For conscientious priests, the Pope just made marriage prep much more difficult
If you’re a Catholic priest who tries to be conscientious about preparing couples for marriage, Pope Francis just made your life much more difficult.
You’re doing your best. You tell couples that they should think seriously before taking vows. If they are cohabiting, you ask them to live apart before the marriage. You don’t pretend that preparation for marriage is accomplished by a one-size-fits-all program or a time-consuming, bureaucratic pre-Cana process; you take the time to get to know the man and woman, to speak to them about the true meaning of Christian marriage. You encourage them to make a good confession before the ceremony. Before the wedding day, you speak to each one individually, ensuring that each is ready to make a full and free commitment. You help them to plan the ceremony, guiding them so that it will be done with dignity and reverence. Then you do all the necessary paperwork to guarantee proper canonical form.
Then Pope Francis meets couple on a plane ride, and on the spur of the moment, persuades them to take their vows in mid-flight. Does he ask them to reflect seriously on their commitment? Nope. They evidently weren’t even thinking about a sacramental marriage at takeoff time, and they were married before they landed. Does he question them about their years of cohabitation? Evidently not. Does he hear their confessions? Not likely. Plan a dignified ceremony? Not at all.
As the overworked canon lawyer Ed Peters has remarked, it’s questionable at best that the Pope fulfilled the canonical requirements for marriage. So we face the unedifying reality that the Bishop of Rome may have presided at a marriage that was invalid because of his slapdash approach! And this, remember, is the same Pope who lamented that many (if not most) Catholic marriages today are invalid.

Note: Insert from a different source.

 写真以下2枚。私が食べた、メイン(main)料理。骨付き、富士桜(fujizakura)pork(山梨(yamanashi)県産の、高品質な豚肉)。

Once again the Pope chose to ignore the requirements of canon law. Bear in mind that the Pope has the unquestioned authority to change canon law, on his own initiative. Still he didn’t change it; all those canons that Ed Peters mentions remain in force. Instead he paid no attention to them.

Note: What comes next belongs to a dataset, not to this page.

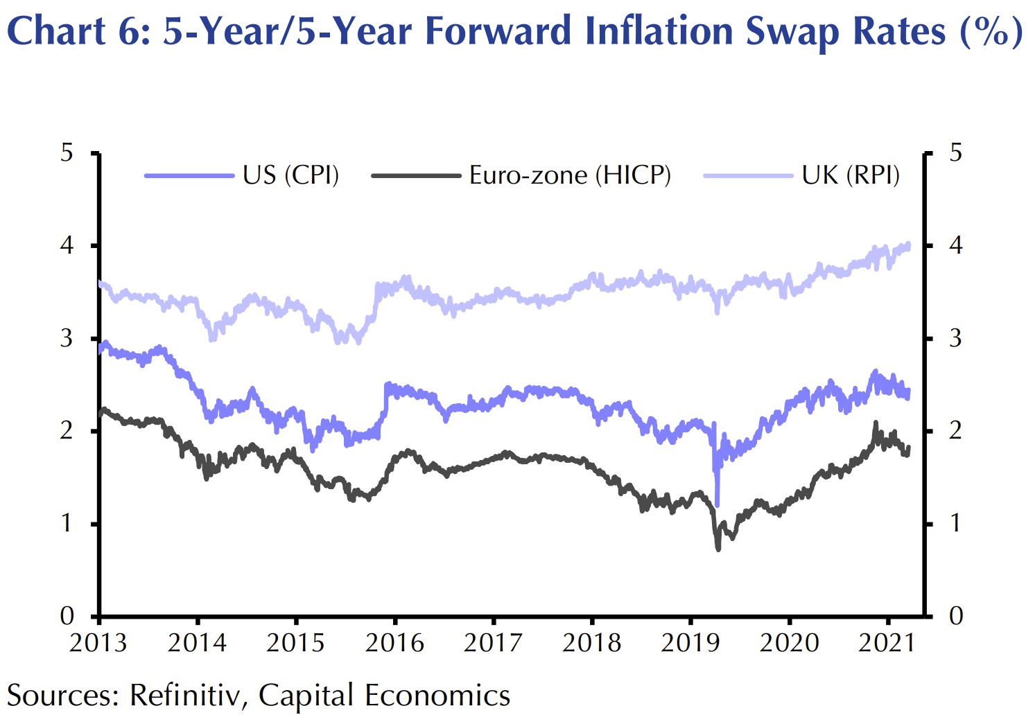 In den USA haben sich die Inflationserwartungen für die nächsten fünf Jahre nur geringfügig erhöht. In der Eurozone liegen die Erwartungen heute höher als 2019, jedoch immer noch unter 2 %.

So for you, the conscientious priest, life is now more difficult. Sometime in the next few weeks, when you try to persuade a young man and woman to take marriage more seriously, you’re going to hear them say, in effect: “What’s the problem? The Pope wouldn’t give us these problems. Why are you making it into such a big deal?”
So you have my sympathy, Father, and my prayers. You’re doing your best. God bless you for that.
Then again if you’re not a conscientious priest—if you’re a priest who enjoys doing the bare minimum, letting people do what they want, not losing sleep about the state of their souls—the Pope just made your life even easier. So I don’t suppose you’ll complain.
And as a matter of fact, reflecting on how few complaints I’ve heard in the past 24 hours, I think I know why the Pope just might be right about how many Catholic marriages are invalid. It seems to me that you’re failing in the essential pastoral responsibilities you vowed to fulfill. But who am I to judge?